EDIT: The above problem only occurs if both transform and -webkit-transform are set inline, and the -webkit-transform is after the transform, I was able to make a pen to show this problem:

See the Pen PNWXEO by srmark (@srmark) on CodePen

It works on Windows, the rectangle moves back and forth, but on Android it doesn't move at all. Making the -webkit-transform come first in the inline style followed by the transform solves this issue, because it seems like the latter one prevails.

 

Overall, using the x and y at the animation seem to help a lot on the performance after I could make it work. About the value calculation, I reverted setting the top and left properties of the elements 0, and instead I leave them at their original values (always set), and substract their original values from the x and y before adding them to the animation, this yields the correct position. I also applied the autoAlpha property, instead of the opacity, but didn't see any noticable impact on the performance.

 

We also tested, and removing the filter effects also had huge impact, so I'll keep this in mind, but also these contents are made by our customers, so we can either remove the full functionality from our software, or just warn them to not use too many of them, but in the latter case the user can still make a screen full of 8px sized text blurred, shadowed spinning zooming and moving if they want, and it will fry their device (this was an actual test page I made for stress tests :P).

 

Please remember that these contents are auto generated in our system, so there are some restrictions and limits in the coding practise, some of them are because many contents exist with legacy code.

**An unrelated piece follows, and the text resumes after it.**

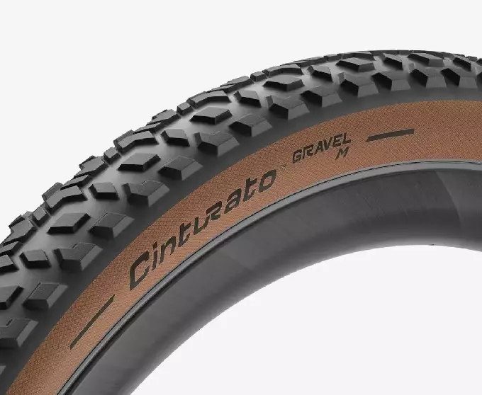 The Pirelli Cinturato Gravel M Classic folding tyre manages to combine a low weight with good off-road properties. To achieve this, medium-high blocks and a slightly larger distance between them were chosen for the tread, which in turn ensures good self-cleaning and guarantees optimal driving performance on a wide range of terrains.

I'm well aware that techniques like adding the shadow to the elements as an image instead of pure CSS is much easier to render for the browser, as Jack suggested, but these are improvements that are simple and convinient only for regular websites' static content like logos, but In my case I would have to find a solution that makes it for dynamic contents, every time a user makes a content in our system, then run it to generate images, store them etc, so it is complicated and resource-hungry (at the generation).

 

Jack, the markup you copied only appears so in the debugging tool of the browser, in the page's source it appears like this: data-styleobject="{"left":"1318px","top":"90px","width":"350px","height":"350px","opacity":"0"}" so it doesn't cause any problems :). This is the result of making a javascript object a string by JSON.stringify and setting it as an attribute of the element.